Why Teaching Your Newborn to Sleep Is Important
Babe, do you even sleep?
When you first bring home your little bundle of love, your life has forever changed. You feel like you could spend forever just staring at the perfect face that you created; it's a magical feeling. But, as with all fairy tales, the magic will soon end.
Sure, you're love will grow everyday, but so will your exhaustion.
I'd like to start by saying that I am in no way a baby guru, perfect parent, or a trained professional. There are many different parenting styles and each have their own benefits and setbacks, but if you love sleep as much as I do, this article may be for you.
To sleep or not to sleep...
First and foremost, new parents must decide which sleeping method they prefer. Always remember that YOU must sleep in order to be the best parent you can be. You have to take care of yourself before you can take care of your baby.
Personally, I chose to have my daughter sleep in my room in a bassinet that was separate from my bed. My husband and I are very heavy sleepers and I tend to be aggressive over my bed space. This kept her safe and close by for late night/early morning nursings.
Other parents chose to keep their newborn in the nursery. This is a viable option that allows the light sleepers to get more rest. Some parents are nervous about the distance, but, in my experience, when your baby cries you will wake up.
A third option is co-sleeping. Now many professionals advise against this method and I was far too terrified to even nap with my baby. But, if you are going to sleep with your baby in your bed, you must be careful and responsible. This means no big blankets or comforters, no extra pillows, etc. Studies do show that baby who co-sleep are twice as likely to die of SIDS and this method has other drawbacks that we will come back to.
Solidarity Sister!
Just to clear things up from the get-go, I am in no way suggesting that you should leave your baby to cry and be hungry the entire night.
Many people confuse the practice of "crying it out" with leaving a baby alone in a room for extended periods of time. In actuality, letting a baby "cry it out" involves checking on them every 5 to 10 minutes to calm them and reassure them that you will come back. This can help form a secure attachment with a parent in the months and years to come! I would never let my baby get to the hyperventilation stage of crying because that can increase their stress hormones and have a lasting, negative impact on their development. It may sound strange, but you can definitely differentiate between your child's cries; it's almost like learning a second language.

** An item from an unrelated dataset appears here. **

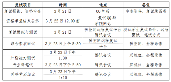 因本次采用远程复试方式,为保证复试顺利进行,学院将在复试前进行过程模拟和测试,具体测试时间及方式将在复试QQ群中通知(请关注)。
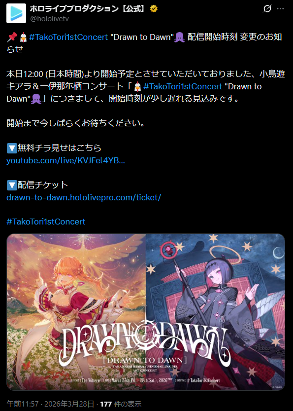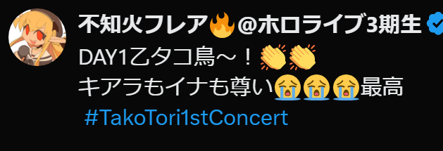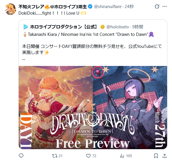 Takanashi Kiara / Ninomae Ina’nis 1st Concert "Drawn to Dawn"スレこのスレの書き込みはIPアドレスが表示されます。

Furthermore, before a baby weighs 11 pounds, they need to eat during the night; there's no way around it. I was blessed (some would say) with a 9 and a half pounder who was always hungry, so we hit the 11 pounds mark after about 2 months or so.
Before your baby hits that wonderful weight, you have to be firm and strong about sleeping. It is very hard to let your baby cry when they just want you to love and hold them, but guess what? You can't negotiate with tiny terrorist! When baby wakes up, calmly pick them up and begin feeding. In the mean time, you can quietly sing, hum, or coo at them, but try not to make it into a fun game. Nighttime is for sleeping and not for playing with mommy and/or daddy.
Once little booboo is full, give them a quick kiss and a snuggle and put them back to bed! This is very important. Babies are constantly learning and developing habits. Many parents make decisions that seem beneficial for the time being, but cause unfortunate and long-term problems.
This is one of the problems of co-sleeping. Most parents who co-sleep will end up with a child crawling into their bed for years to come. And while snuggling up with your little angel may seem wonderful, you will one day have to break this habit. Every habit that you allow a baby to develop will follow them into childhood and possibly even adulthood. And while it's impossible to be a perfect parent, good sleeping habits are beneficial to you and your child.
You Can Do It!
This all is so much easier said than done. But, if you pay attention to the parents that you see wasting away on facebook begging for advice on how to make their 4 year old sleep, they often had poor sleep training practices from the child's first night home.
People like to say that you can't help the way a kid sleeps and every child is different! But, the points I have discussed in this article are tried and true! I actually observed a family that I babysat for to learn these things. They had three children who all sleep extremely well. (My own toddler sleeps 8 to 10 hours a night!)
After observing and testing my own sleep training, I took a Human Growth and Development course that verified my personal beliefs with studies and evidence.
So, be strong and confident! A few months of hard work will pay off in the long run.